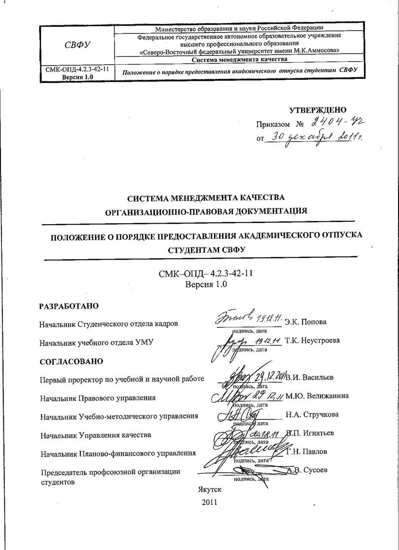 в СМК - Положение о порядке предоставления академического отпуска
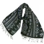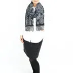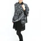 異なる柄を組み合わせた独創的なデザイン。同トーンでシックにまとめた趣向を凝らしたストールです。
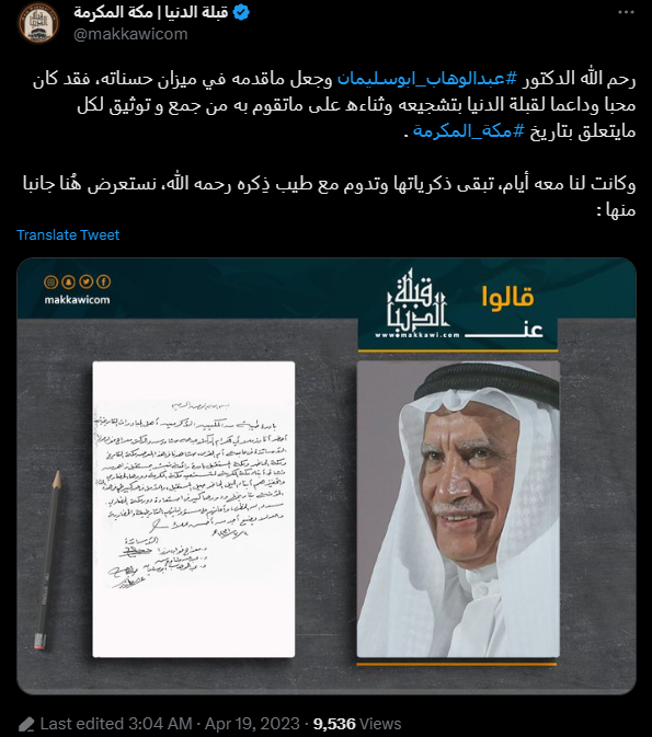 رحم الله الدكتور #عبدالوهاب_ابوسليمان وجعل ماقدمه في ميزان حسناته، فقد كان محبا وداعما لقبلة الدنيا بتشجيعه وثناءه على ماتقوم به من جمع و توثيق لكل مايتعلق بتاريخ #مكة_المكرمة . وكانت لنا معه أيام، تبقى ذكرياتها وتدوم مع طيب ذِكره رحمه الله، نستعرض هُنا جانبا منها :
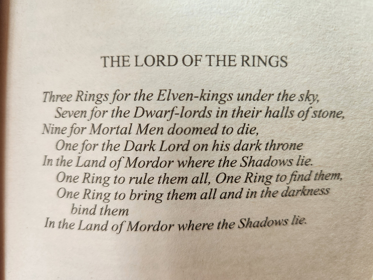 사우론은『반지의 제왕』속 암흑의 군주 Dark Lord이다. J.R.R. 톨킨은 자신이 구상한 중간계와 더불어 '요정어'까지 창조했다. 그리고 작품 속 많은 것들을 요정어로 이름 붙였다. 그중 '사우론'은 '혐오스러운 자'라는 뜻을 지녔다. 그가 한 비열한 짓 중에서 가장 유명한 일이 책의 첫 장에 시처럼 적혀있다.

→ **Aim of the exercise**: Each line above that falls between the line with "異なる柄を組み合わせた独創的" and the line with "رحم الله الدكتور" should be printed exactly, together with those two lines, but the pictures should not.

→ **Solution**:
 異なる柄を組み合わせた独創的なデザイン。同トーンでシックにまとめた趣向を凝らしたストールです。
 رحم الله الدكتور #عبدالوهاب_ابوسليمان وجعل ماقدمه في ميزان حسناته، فقد كان محبا وداعما لقبلة الدنيا بتشجيعه وثناءه على ماتقوم به من جمع و توثيق لكل مايتعلق بتاريخ #مكة_المكرمة . وكانت لنا معه أيام، تبقى ذكرياتها وتدوم مع طيب ذِكره رحمه الله، نستعرض هُنا جانبا منها :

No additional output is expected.